Natural Nylon was a British film and theatre production company, in operation from 1997 to 2003.

It was officially formed in 1997 by Jude Law, Sadie Frost, Jonny Lee Miller, Ewan McGregor, Sean Pertwee, Damon Bryant, Bradley Adams, and Geoff Deehan, although the history of the group goes back a few years earlier. Natural Nylon was formed with the aim of giving those involved more control over their careers, 'supporting British acting talent, and keeping it in the UK'.

Bryant had quit his job as cameraman in 1991 and, together with his wife, opened a club on Beak Street in London's Soho. He struck up a friendship with TV producer Bradley Adams, whose wife introduced them to Frost, who was going out with Law after meeting him on the set of Shopping. McGregor and Pertwee had also met Law through this film - Pertwee also appeared in it and McGregor read for the part that went to Law. Completing the line-up was Miller, a friend of Law since they met at the National Youth Music Theatre in their late teens.

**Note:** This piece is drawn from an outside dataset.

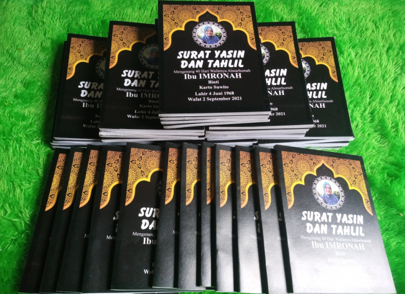 Buku yasin custom, bisa menggunakan foto tanpa biaya tambahan. Isi 96, 128, 144 dll Bisa langsung paket souvenir

The majority of the group lived in the Primrose Hill area, and were part of the Primrose Hill set.

Natural Nylon was formed in the late 90s, and the first film to be produced by Natural Nylon was David Cronenberg's eXistenZ (1999) which was followed by Nora (2000), XX/XY (2002), Owning Mahowny (2003), To Kill a King (2003), and Sky Captain and the World of Tomorrow (2004). They co-produced an acclaimed adaptation of Dr Faustus at the Young Vic in 2002.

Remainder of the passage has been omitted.